*WHAT TO DO*: No image is to be carried over; reproduce the rest of the listing word for word.

*DATA EXCERPT*:
-- Opening Marker --

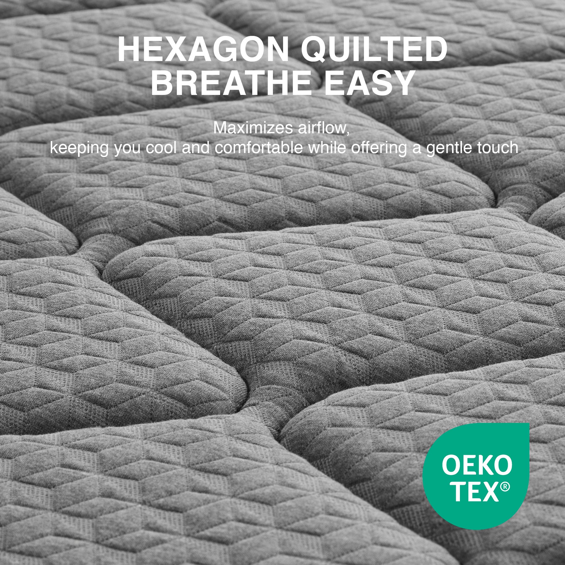 Hexagon Quilted, Breathe Easy: The unique hexagon quilted design maximizes airflow, keeping you cool and comfortable throughout the night while providing a gentle touch for enhanced relaxation.
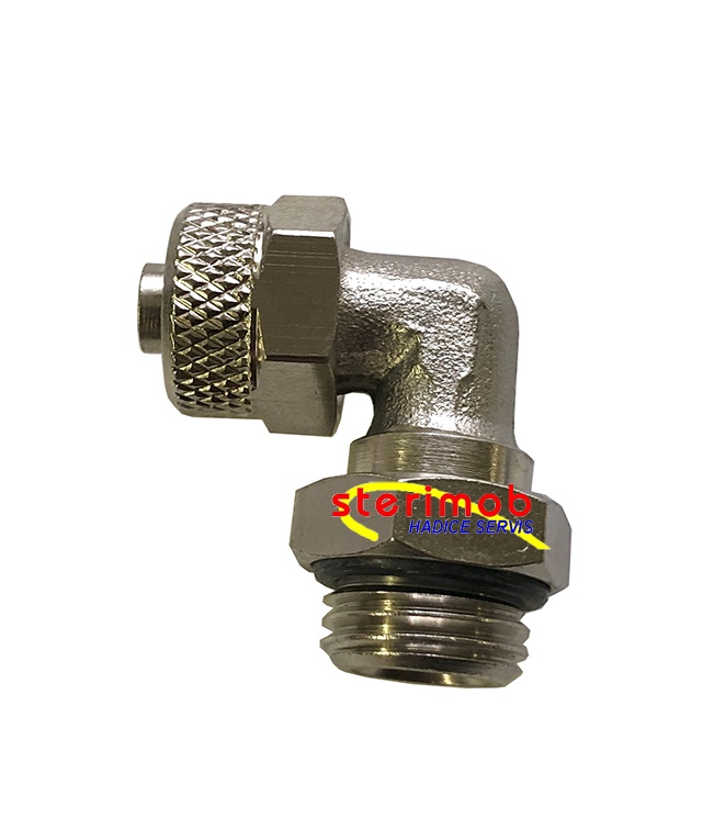 - Uhlová spojka s vonkajším závitom na PA/PE/PU/PTFE trúbku.
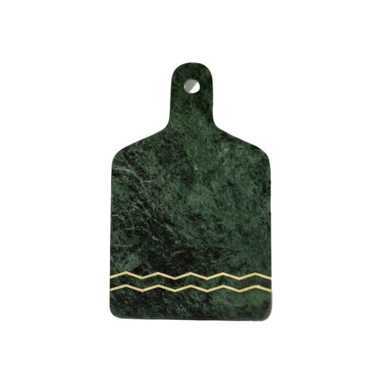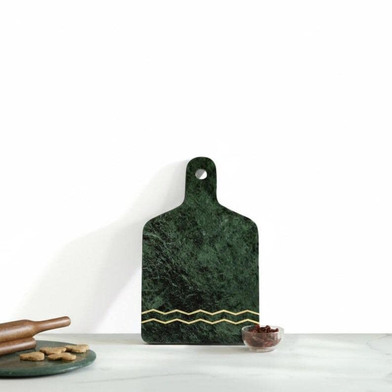 The rich green marble showcases unique natural veining, ensuring that every piece is one of a kind. The sleek gold inlay detail adds a refined, contemporary touch that beautifully contrasts against the deep stone tones. Whether used for food prep, serving charcuterie, or styling your countertop, this board effortlessly enhances any space.
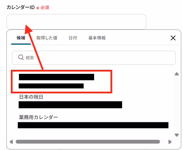API接続設定ではGoogleカレンダーに登録する日時や予定のタイトルなどを設定していきます。

-- Closing Marker --

*FINISHED EXERCISE*:
 Hexagon Quilted, Breathe Easy: The unique hexagon quilted design maximizes airflow, keeping you cool and comfortable throughout the night while providing a gentle touch for enhanced relaxation.
 - Uhlová spojka s vonkajším závitom na PA/PE/PU/PTFE trúbku.
 The rich green marble showcases unique natural veining, ensuring that every piece is one of a kind. The sleek gold inlay detail adds a refined, contemporary touch that beautifully contrasts against the deep stone tones. Whether used for food prep, serving charcuterie, or styling your countertop, this board effortlessly enhances any space.
API接続設定ではGoogleカレンダーに登録する日時や予定のタイトルなどを設定していきます。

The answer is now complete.